Antique Weight of Stone Crab on a Melon
Item No. 16385

19th Century, N/A, China
Stone
4" x 0" x 0"
( 10.16 x 0 x 0 cm)
(H x W x D)

Stone pieces like this were used for two purposes that we know of: either as a mat weight to hold down mats so they would not blow in the wind or as agricutlural measures, i.e., for weight.
According to Terese Tse Bartholomew, the crab, is a symbol for success in passing the civil services examination and is a pun for harmony. The crabs shell is seen as similar to armor which also means first, and refers to first place in the palace examination.
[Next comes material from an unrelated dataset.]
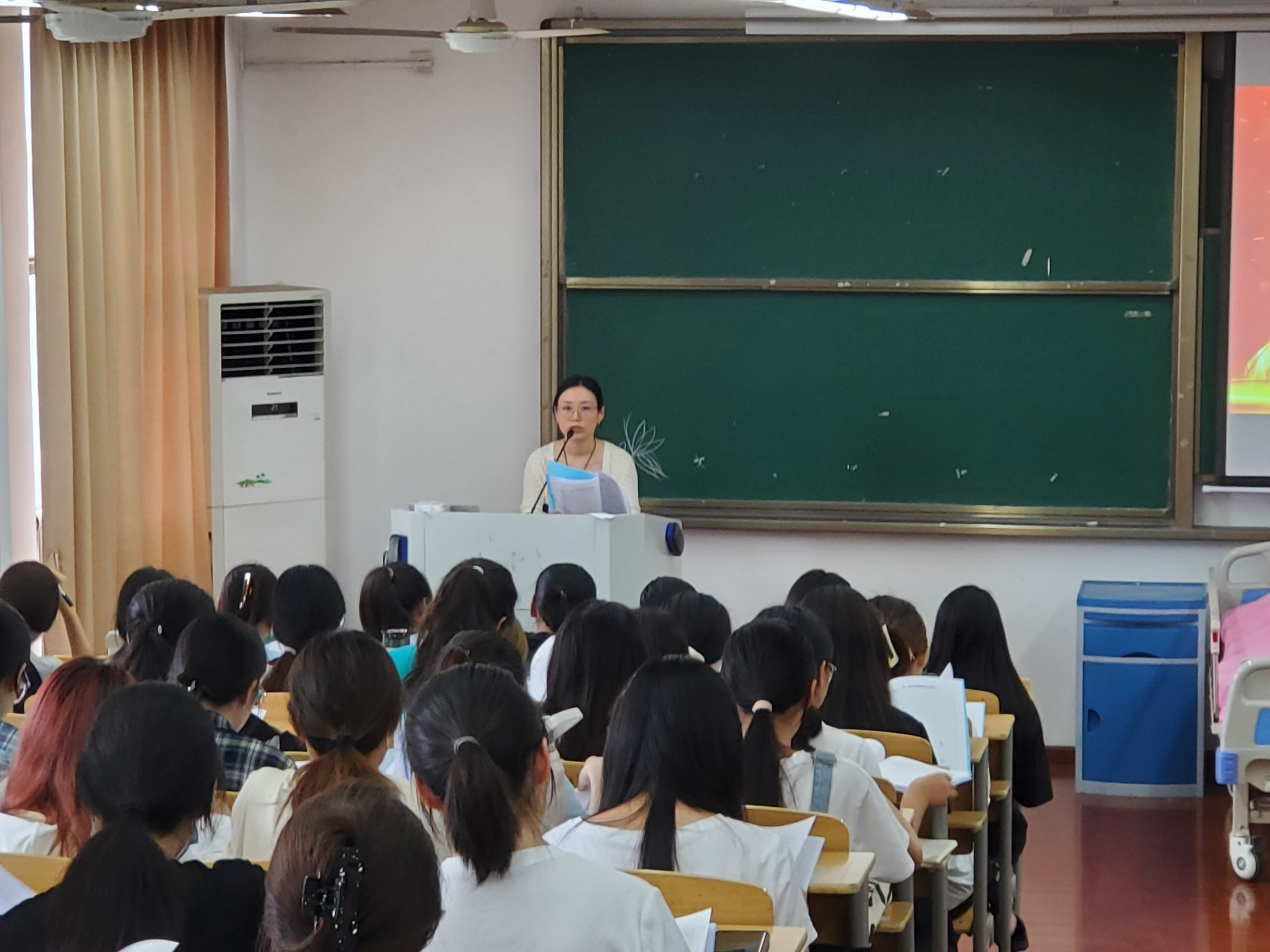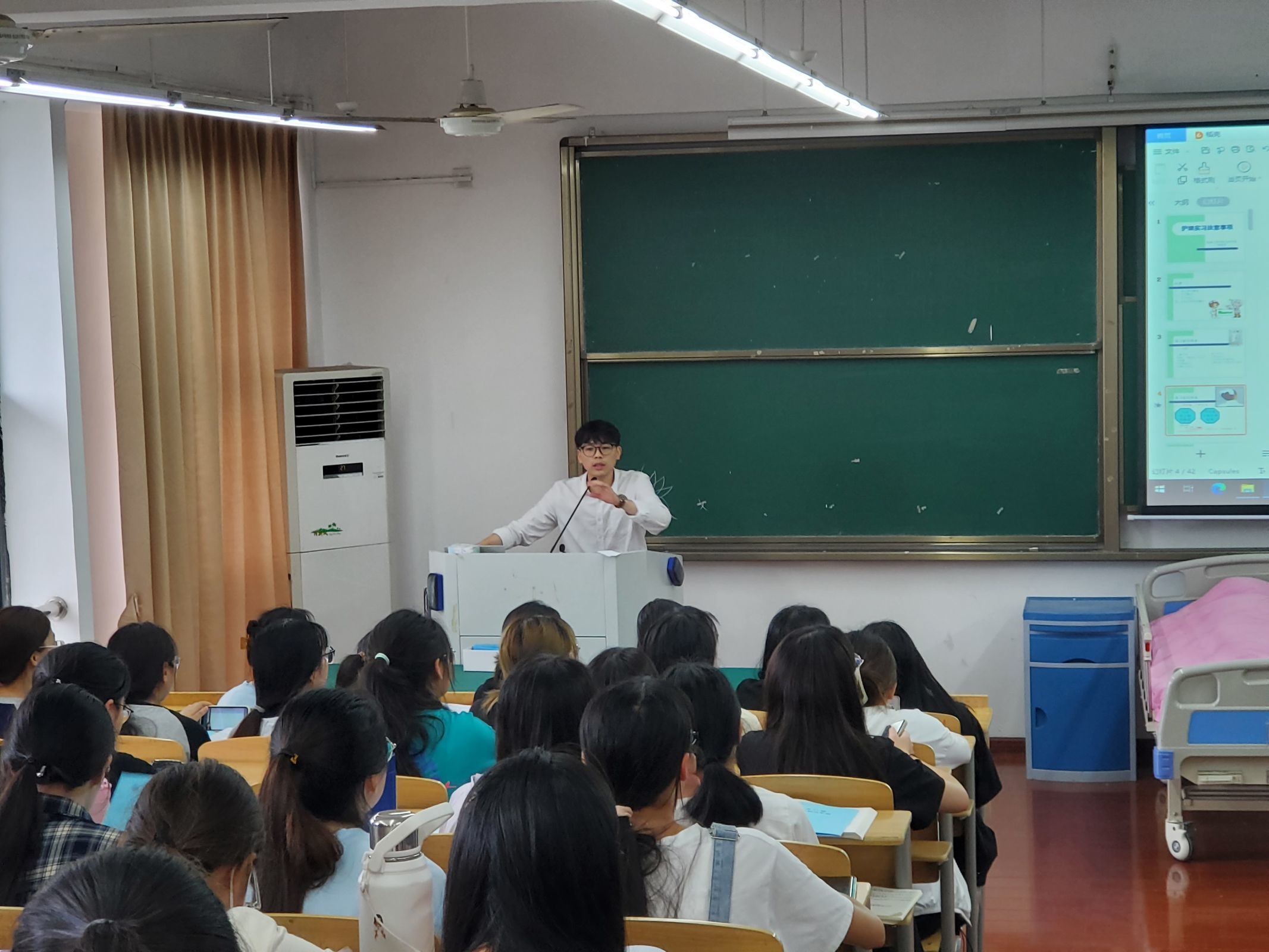 会中护理学专业教师何振华和窦凤娇老师对实习手册的考核与书写进行了讲解,并从用物准备、个人准备、时间观念以及自身防护出发,向大家介绍教学实习过程中的注意事项。

A single crab reflects the idiomatic expression yijia yiming which means the “only name holding first place.” Thus having a crab on a household item is meant to bestow good wishes for the family’s sons in competing for civil exams, which can provide a good life for a good life for anyone who successfully passes them and secures a position in the government. (p. 88)

This fits well with the symbolism of the melon, as the fruit has many seeds which is symbolic of a wish for many sons. The two symbols together, therefore, is a wish for many sons who will be sucessful on their civil examinations and provide for the wealth, health and prosperity (fu) of the family.

Sources:

Terese Tse Bartholomew, “Hidden Meanings in Chinese Art,” Hong Kong, Asian Art Museum of San Francisco, 2006.

Wolfram Eberhard, “A Dictionary of Chinese Symbols; Hidden Symbols in Chinese Life and Thought,” London, Routledge, 1998.